Writing Confession #2 Insecurity

  Sometimes I still feel insecure about my writing. Okay, a lot of the time I feel insecure about my writing. I hate that. Insecurity is such an awful feeling, and it is especially bad when applied to one of your favorite things in life. I wish I could wipe them all away, but that's not so easy.
  One of my biggest problems is worrying about what other people think. I wish it weren't true but it is. I don't think I'm the only one who feels this way. At some point in their lives, everyone worries about what others think of them. That's just part of human nature. Yet it gets terribly annoying.
  I worry that others will find a flaw that I didn't notice in my writing. Sometimes I wonder if they don't take my writing seriously and just brush it off as nothing more than a hobby. And sometimes I worry about them simply laughing at my stories. There's a plethora of things that I can worry about with writing. Yet I know that I'm just going to have to get over it.

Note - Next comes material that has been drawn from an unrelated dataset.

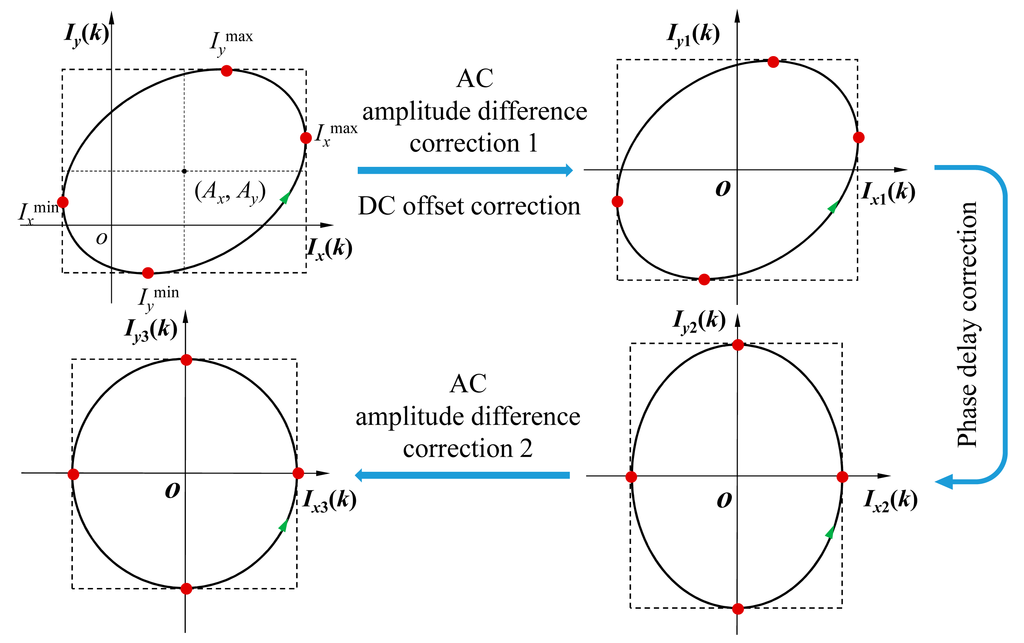 In the DC offset and AC amplitude difference correction system, the fast peak detection module could be used to dynamically check the peak values of Ix(k) and Iy(k). Upon completion of this correction, there was still a phase delay between the corrected quadrature signals, Ix1(k) and Iy1(k), respectively.

Because I love writing too much to just give up on it because someone else doesn't quite understand it. This is what I am meant to do.
Is worrying about what others think going to help me? No. Is there really anything I can do to change their mind? No. Their opinions are simply that; opinions. They are not facts. So with that in my mind, I can help myself not to worry, to keep doing what I'm meant to do and write the things I'm meant to write.
  Insecurities happen all the time. It may take a lot of effort to get them under control, but we can't let them hold us back from doing what we love.